Copy the records below exactly, starting at the line that contains "4月28日下午,食品与葡萄酒" and ending at the line that contains "本品を付けると指の間が広がり"; leave out any pictures.

::: Extracted entries :::

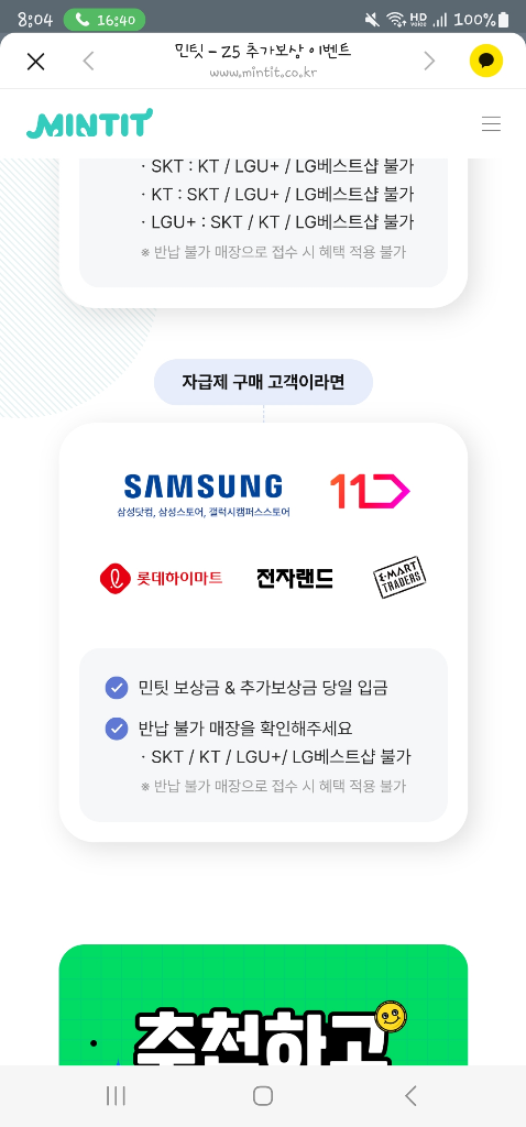 위사진대로 반납불가 통신사대리점 (세군대왜 베스트샵불가) 하고 삼성스토어에서 해야 추가보상을 받을수 있다는거죠?
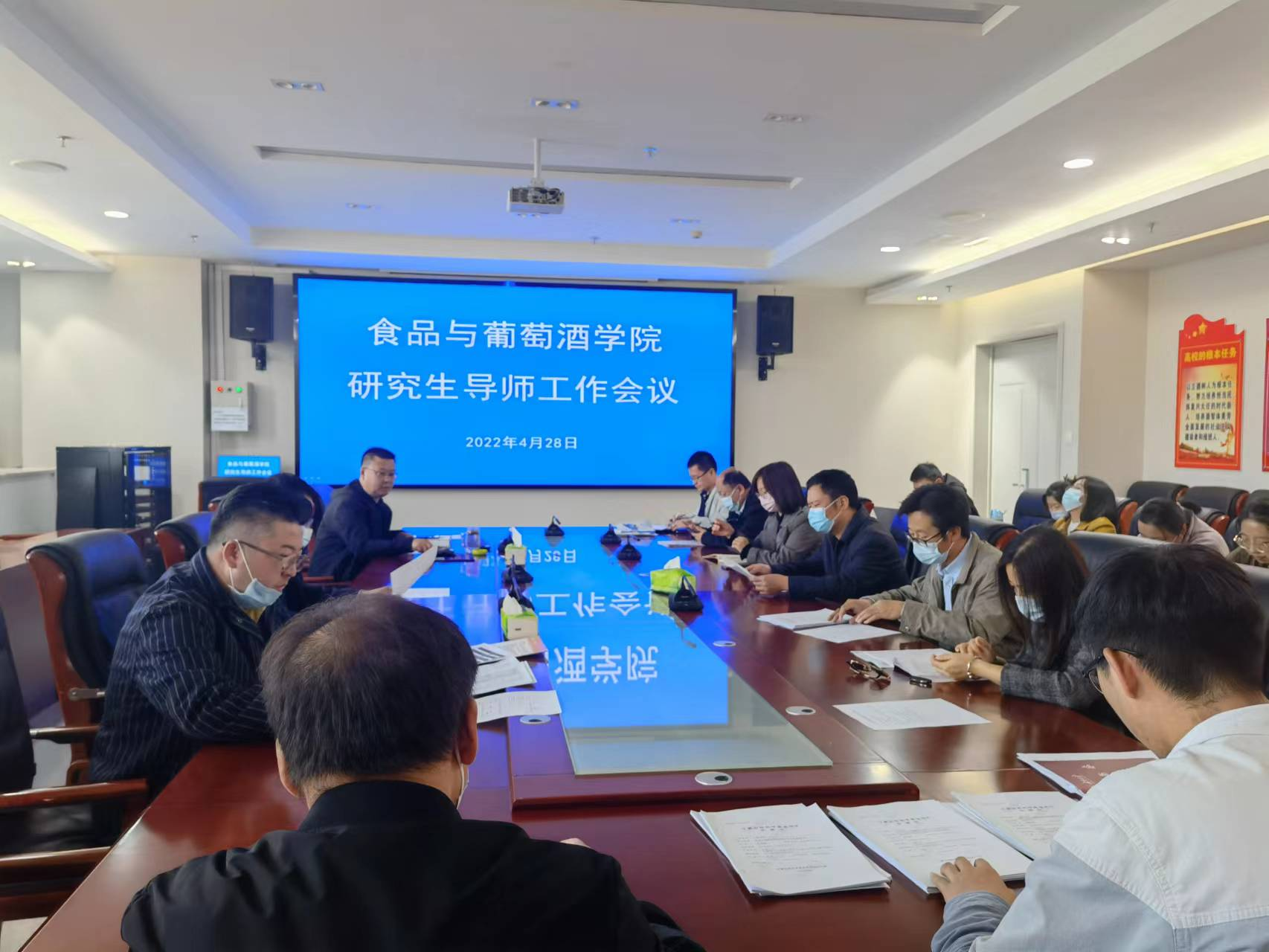 4月28日下午,食品与葡萄酒学院在科技楼410会议室召开研究生导师工作会议,会议由方海田副院长主持,张军翔副院长、马浩谦副书记、教科办负责人及全体研究生导师一起参加会议。本次议主要针对应届毕业研究生就业、博士点申报工作、硕士培养方案修订等工作进行通报商讨,以提升研究生培养质量,助推学科点发展。
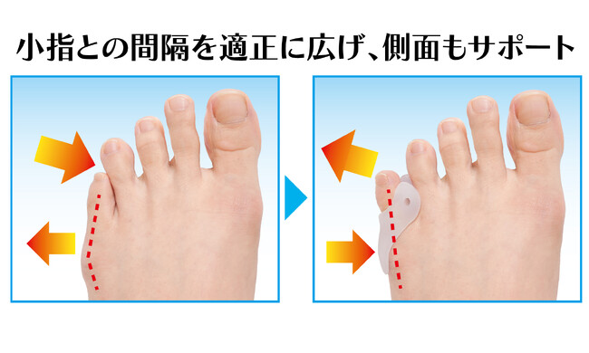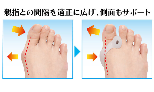 本品を付けると指の間が広がり、足指の角度が自然に緩やかになり、歩行をラクラク快適に。
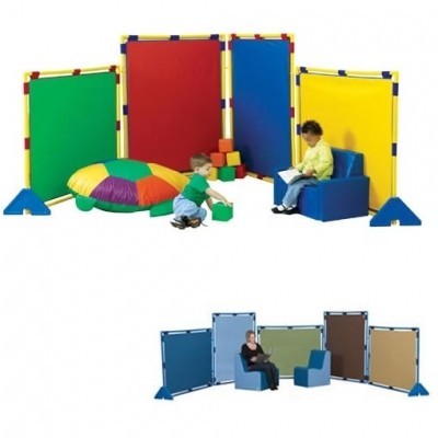 Use these easily portable big panels (4'x5' each) either vertically or horizontally to screen off separate areas. Hygienic cleanable vinyl covered nylon surfaces stretched upon polystyrene durable fittings. Flexible hinges link together and encourage foldable storage. Molded, weighted plastic feet insure stability.
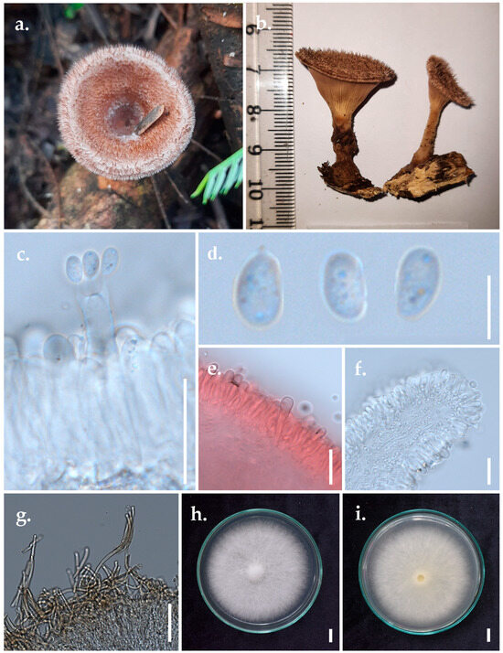 Panus Fr. (Panaceae, Polyporales) was described by Fries [1], with P. conchatus (Bull.) Fr. as the type species. Members of this genus are wood-inhabiting saprobes distributed worldwide, particularly in subtropical and tropical regions [2,3]. Panus species are characterised by a centrally to eccentrically stipitate basidiomata; infundibuliform to cyathiform pilei; a hymenophore with decurrent lamellae, free gills; ellipsoid, smooth, thin-walled, inamyloid basidiospores; thin to thick-walled cystidia; and a dimitic hyphal system with unbranched skeletal hyphae [1,3,4].

:::

**Response to the exercise:**
 4月28日下午,食品与葡萄酒学院在科技楼410会议室召开研究生导师工作会议,会议由方海田副院长主持,张军翔副院长、马浩谦副书记、教科办负责人及全体研究生导师一起参加会议。本次议主要针对应届毕业研究生就业、博士点申报工作、硕士培养方案修订等工作进行通报商讨,以提升研究生培养质量,助推学科点发展。
 本品を付けると指の間が広がり、足指の角度が自然に緩やかになり、歩行をラクラク快適に。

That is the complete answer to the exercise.